Принцип слова, торчащего пучком смыслов, о котором говорил сам поэт, имеет не только центробежный, но и центростремительный характер, когда слово чужого языка прорастает щедрым пучком смыслов в родном, русском языке. «Стихотворение, — пишет он, — живо внутренним образом, тем звучащим слепком формы, который предваряет написанное стихотворение. Ни одного слова еще нет, а стихотворение уже звучит. Это внутренний образ, это его осязает слух поэта» (I, 215). Таким звучащим слепком формы и является «Glas / глаз». Это и есть, по Пастернаку, модель, приближаясь к которой, вслушивается и совершенствуется поэт. Вяч. Иванов писал в статье «К проблеме звукообраза у Пушкина» (1930): «Ряд отдельных стихотворений и формально замкнутых мелических эпизодов, составляющих части более обширных композиций, сводятся у Пушкина к некоему единству господствующего звукосочетания, явно имеющего для поэта <…> символическую значимость. Их расцвет в слове есть раскрытие в процессе творчества единого звукового ядра, подобно сгустку языковой материи в туманности, долженствующей преобразоваться в многочастное и одаренное самобытной жизнью тело. О символической природе звукового ядра можно говорить потому, что оно уже заключает в себе и коренной звукообраз как морфологический принцип целостного творения…» (IV, 345). Коренной звукообраз предстает особым срезом мира и является особой точкой зрения на мир. Он не только един в себе, но и все собою пронизывает и определяет. Этот «внутренний образ» осуществляется целым произведением, которое выступает как пространство силового поля соответствующих внутренних звукообразов.

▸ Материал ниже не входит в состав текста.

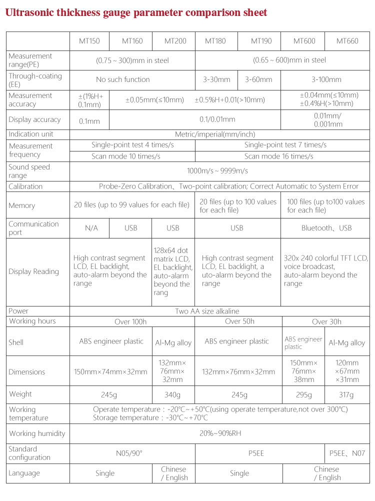 Product OverviewMT660 multi-mode ultrasonic thickness gauge is the newest promoted upgraded product by Mitech. It pays more attention to user experience and functional innovation. Adopted with 320*240 colorful LCD display, it can show you clear measurement result under dim light and strong sunshine environment, improved the visual experience greatly. Sealed aluminum-magnesium alloy case delicate design, smaller volume, better quality are specially designed for defense against oil, dust in the bad sit environment. With intelligent warning function, it will promote automatically when beyond the setting range, it is convenient for reading. It can meet the efficient collecting material’s multiple points’ thickness accurate testing demand. It supports 0.001 high accuracy display and Bluetooth communication. With through coating mode and common mode, its unique performance of capable for testing thickness through the coating provides efficient solution for testing the workpiece of coated surface or corrosion materials. It can measure the workpiece directly without needing to get rid of the surface coating before measurement. It’s widely used for monitoring the production equipments’ various pipelines and pressure vessel corrosion reducing degree in the fields of petroleum, chemical, metallurgy, shipbuilding, aviation, aerospace and so on. It also can be used for making accurate measurement to various plates and machining parts. It is the necessary professional precision instrument for improving the production efficiency and qualification rate as well as saving cost.
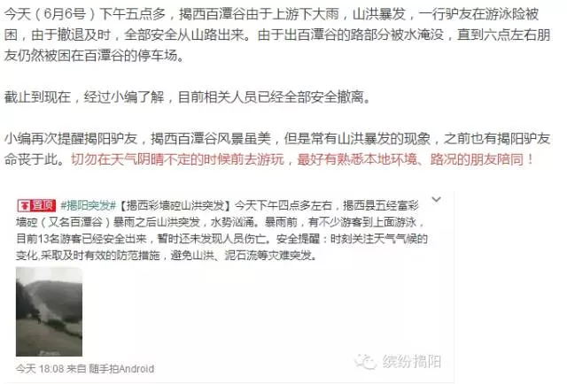 山洪暴發(fā)圖片為2015年。有些錯(cuò)誤,大自然不一定給機(jī)會(huì)你改過。這就是為什么溯溪我只帶三五個(gè)人,絕不帶多,也許,有些俱樂部打著多年戶外經(jīng)驗(yàn),打著AA出行,風(fēng)險(xiǎn)自負(fù),簽訂風(fēng)險(xiǎn)責(zé)任書,實(shí)則牟利。我只能說,萬一發(fā)生事故,即使你能逃過法律的制裁,但是你能一輩子面對(duì)良心的拷問嗎?
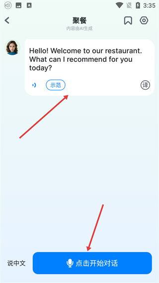 3、查看具体练习的内容,点击“开启对话”按钮。
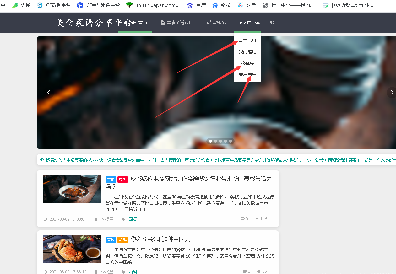 Java项目:美食菜谱分享平台系统设计和实现(java+springboot+mysql+ssm)
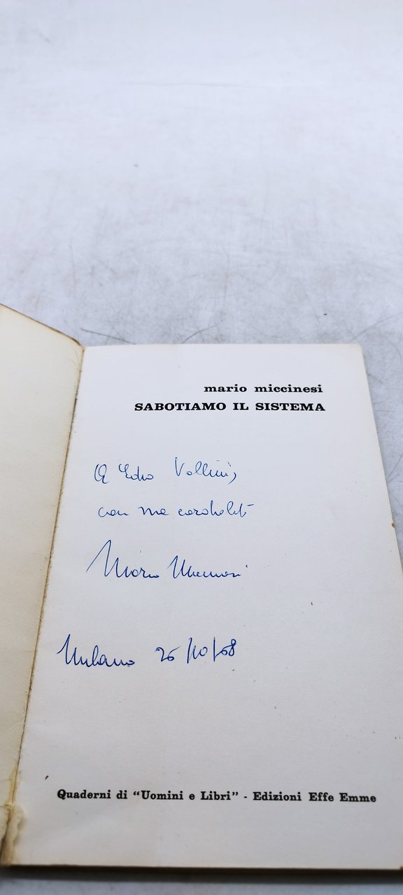 mario miccinesi sabotiamo il sistema quaderni di uomini e libri . , 1968 italiano, pp.61 ^^^brossura
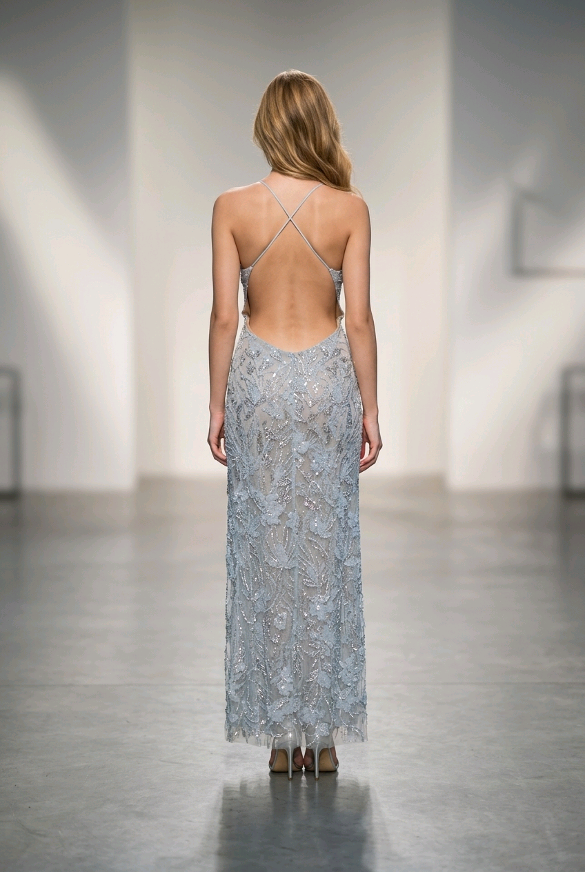 Light Blue Lace & Beaded Gown with Cross-Strap Back, Size 10
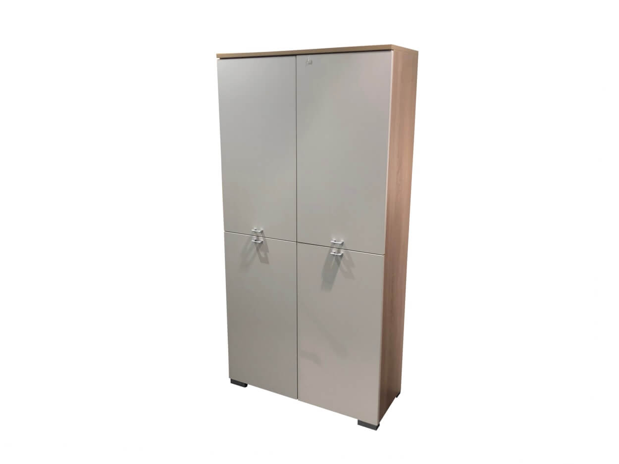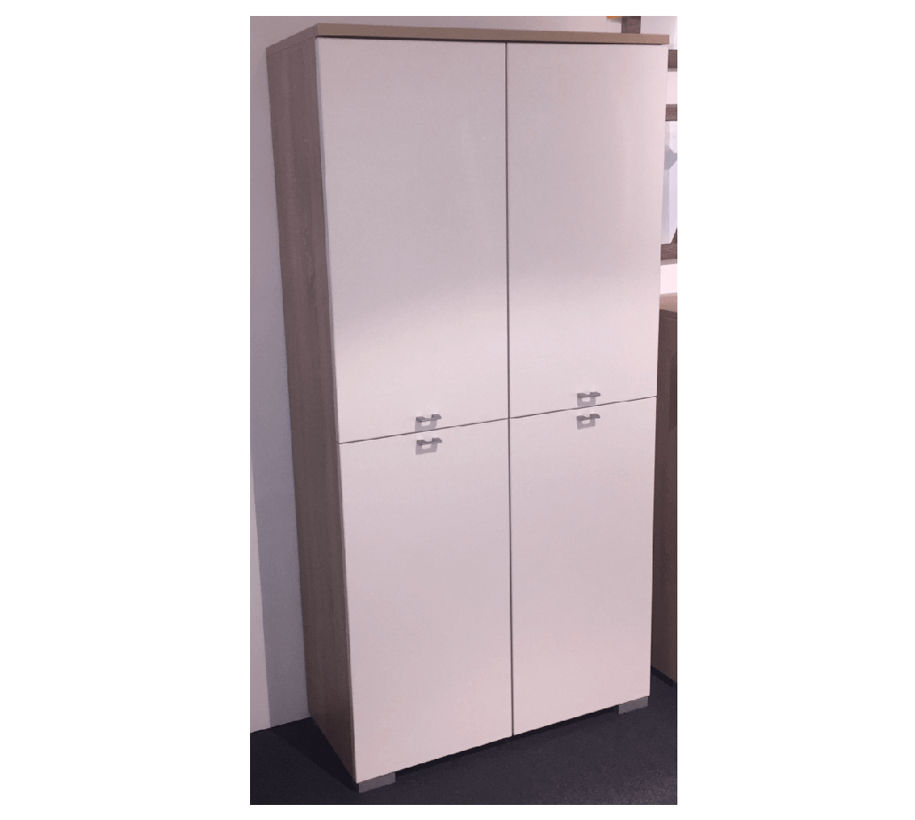 Commode 4 portes, corps en imitation Bardolino chêne, faces en blanc mat, poignées alternative alu mat

Перед посещением выставки французских импрессионистов в «Путешествии в Армению», написанном в то же время, что и «Канцона», автор исполняет странный ритуал приготовления зрения к просмотру:
«Тут я растягивал зрение и окунал глаза в широкую рюмку моря, чтобы вышла из него наружу всякая соринка и слеза.
Я растягивал зрение, как лайковую перчатку, напяливал ее на колодку — на синий морской околодок…» Прервем цитату. Гете был твердо уверен в том, что «рука сама должна была зажить собственной жизнью, стать самостоятельным естеством, обрести мысль и волю» (VIII, 359). Таким мыслящим и волевым органом рука, несомненно, стала в русской поэзии начале века. «Рука — то же сознание», говорил Хлебников: «Итак, самовитое слово имеет пяти-лучевое строение и звук располагается между точками, на остове мысли, пятью осями, точно рука…» (V, 191). В сотворенном слове смысл — кость, звук — плоть, подобно человеческой руке. Визуализируя хлебниковский опыт, Мандельштам облачает руку в перчатку. В стихотворении грузинского поэта Иосифа Гришашвили «Перчатки», которое перевел Мандельштам, перчатки приобретают вселенский масштаб: одолжив у луны шелковых ниток и золотую иголку у ручья, герой солнечными ножницами кроит из тумана перчатки в подарок своей возлюбленной. Пуговицы — две слезы. Космогоническому творению перчаток предшествует взгляд через бинокль: «Я навел на гору стекла моего бинокля…» (II, 100). Продолжим цитату из «Путешествия в Армению»: «Я растягивал зрение, как лайковую перчатку, напяливал ее на колодку — на синий морской околодок…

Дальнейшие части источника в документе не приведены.